От харчевни через улицу наискосок ими редактор городской газеты Ядринцев и Эмрулл, стамбульский студент. Турок появился в городе прошлой осенью, приютился в медресе Мутыйгуллы-хазрета, а лето провел в степи у казахов. И вот он вернулся.
Габдулла, выбегая из сада, напугал озорников: кинулись кто куда.
— Ишь, разбойники, — острашил еще и возгласом.
Эмрулл обнял Габдуллу.
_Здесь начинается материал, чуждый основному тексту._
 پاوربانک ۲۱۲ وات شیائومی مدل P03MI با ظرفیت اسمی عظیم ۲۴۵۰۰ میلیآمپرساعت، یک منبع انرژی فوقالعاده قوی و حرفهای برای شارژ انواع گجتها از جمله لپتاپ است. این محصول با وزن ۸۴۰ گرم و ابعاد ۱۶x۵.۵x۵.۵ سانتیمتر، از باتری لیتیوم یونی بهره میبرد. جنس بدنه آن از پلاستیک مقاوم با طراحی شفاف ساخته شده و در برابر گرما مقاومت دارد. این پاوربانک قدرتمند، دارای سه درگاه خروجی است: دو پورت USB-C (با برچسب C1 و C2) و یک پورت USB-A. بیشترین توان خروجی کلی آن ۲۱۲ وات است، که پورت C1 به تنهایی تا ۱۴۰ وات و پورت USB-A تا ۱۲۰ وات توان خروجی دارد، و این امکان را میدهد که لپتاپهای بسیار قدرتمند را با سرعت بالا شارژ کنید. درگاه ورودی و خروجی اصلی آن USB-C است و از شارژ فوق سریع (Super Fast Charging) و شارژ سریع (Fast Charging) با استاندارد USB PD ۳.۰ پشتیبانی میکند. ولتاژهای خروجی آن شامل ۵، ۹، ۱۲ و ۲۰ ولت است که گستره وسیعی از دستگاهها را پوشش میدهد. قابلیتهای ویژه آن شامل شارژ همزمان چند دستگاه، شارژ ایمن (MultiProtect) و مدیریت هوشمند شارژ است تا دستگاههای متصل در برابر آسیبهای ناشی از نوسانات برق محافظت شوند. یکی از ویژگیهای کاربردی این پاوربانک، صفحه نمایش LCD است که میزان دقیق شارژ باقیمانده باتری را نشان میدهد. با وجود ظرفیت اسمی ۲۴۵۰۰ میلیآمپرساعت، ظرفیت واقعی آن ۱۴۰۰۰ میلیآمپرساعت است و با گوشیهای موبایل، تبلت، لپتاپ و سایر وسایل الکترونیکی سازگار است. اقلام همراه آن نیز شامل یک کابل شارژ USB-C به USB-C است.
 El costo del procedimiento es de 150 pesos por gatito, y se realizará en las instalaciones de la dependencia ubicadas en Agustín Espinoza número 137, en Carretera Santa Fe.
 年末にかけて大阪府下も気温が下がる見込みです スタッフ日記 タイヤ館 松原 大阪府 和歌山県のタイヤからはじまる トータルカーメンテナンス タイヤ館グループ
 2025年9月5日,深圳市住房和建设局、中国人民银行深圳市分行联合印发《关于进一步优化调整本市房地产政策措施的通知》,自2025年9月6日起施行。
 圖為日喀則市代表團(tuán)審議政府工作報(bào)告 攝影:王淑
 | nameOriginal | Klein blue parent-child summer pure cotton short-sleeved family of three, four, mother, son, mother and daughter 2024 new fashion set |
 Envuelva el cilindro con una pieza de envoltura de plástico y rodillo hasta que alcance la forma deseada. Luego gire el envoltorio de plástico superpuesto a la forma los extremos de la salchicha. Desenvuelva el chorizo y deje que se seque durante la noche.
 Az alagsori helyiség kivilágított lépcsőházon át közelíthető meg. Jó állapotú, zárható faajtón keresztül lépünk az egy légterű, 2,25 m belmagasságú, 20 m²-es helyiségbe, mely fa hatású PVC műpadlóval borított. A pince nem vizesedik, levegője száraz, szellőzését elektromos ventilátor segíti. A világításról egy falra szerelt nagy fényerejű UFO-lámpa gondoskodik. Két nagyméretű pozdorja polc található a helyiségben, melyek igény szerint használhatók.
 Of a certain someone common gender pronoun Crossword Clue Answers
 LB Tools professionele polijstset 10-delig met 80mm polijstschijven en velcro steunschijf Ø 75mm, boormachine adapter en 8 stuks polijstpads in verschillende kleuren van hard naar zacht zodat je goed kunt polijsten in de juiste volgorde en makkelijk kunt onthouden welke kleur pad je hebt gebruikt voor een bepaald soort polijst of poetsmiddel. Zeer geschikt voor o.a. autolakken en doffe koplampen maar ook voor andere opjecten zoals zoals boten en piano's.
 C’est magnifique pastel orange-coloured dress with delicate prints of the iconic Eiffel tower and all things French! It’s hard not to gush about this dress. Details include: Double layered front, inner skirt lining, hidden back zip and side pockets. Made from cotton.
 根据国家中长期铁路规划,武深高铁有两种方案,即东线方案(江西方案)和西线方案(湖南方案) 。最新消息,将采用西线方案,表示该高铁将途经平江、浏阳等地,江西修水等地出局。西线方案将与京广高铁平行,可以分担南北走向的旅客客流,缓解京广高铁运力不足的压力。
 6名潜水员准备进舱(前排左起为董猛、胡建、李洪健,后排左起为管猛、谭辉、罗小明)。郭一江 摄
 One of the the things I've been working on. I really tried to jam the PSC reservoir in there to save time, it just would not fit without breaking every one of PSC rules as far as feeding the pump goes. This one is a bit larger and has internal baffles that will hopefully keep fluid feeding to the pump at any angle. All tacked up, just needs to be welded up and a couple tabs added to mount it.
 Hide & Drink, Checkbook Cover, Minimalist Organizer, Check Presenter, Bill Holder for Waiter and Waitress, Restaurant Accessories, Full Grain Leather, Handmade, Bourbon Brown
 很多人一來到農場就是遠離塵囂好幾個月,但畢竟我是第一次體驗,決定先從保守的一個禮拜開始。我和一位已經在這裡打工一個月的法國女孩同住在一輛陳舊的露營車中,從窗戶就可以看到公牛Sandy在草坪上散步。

Ядринцев раскидывал руки — хотел обнять обоих. Какой-то маленький шакирд, смелый от ярости, подбежал близко и прокричал:
— Псы, вы забыли стих третьей суры! Стих запрещает дружбу с кяфирами!
— Я тебе! — Габдулла скакнул, поймал мальчика и шутливо грозно приказал: — А теперь слушай, что говорится в стихе третьей суры: «Богу принадлежит Восток, Богу принадлежит Запад. Он ведет, кого захочет, по истинному пути».
Засмеявшись, он отпустил мальчика.
Зашли в сад, сели на скамейку. Только тут, тормоша Эмрулла, он заметил, как удручен его товарищ. Проклятые озорники! Но причина была в другом. В городе всю зиму жила Фариза, красавица дочь богатого скотопромышленника Мулекея. Старик баловал дочь и не особенно ограничивал ее волю, молодые люди встречались в домах у горожан, на благотворительных собраниях, просто гуляли по улицам. Весной девушка уехала в кочевье своего отца. Эмрулл отправился следом. Мулекей обрадовался гостю, похвалил: «Уй, хорошо, поспел на свадьбу моей баловницы!» И правда, за девушкой приехал ее жених и увез в Тургайские поля.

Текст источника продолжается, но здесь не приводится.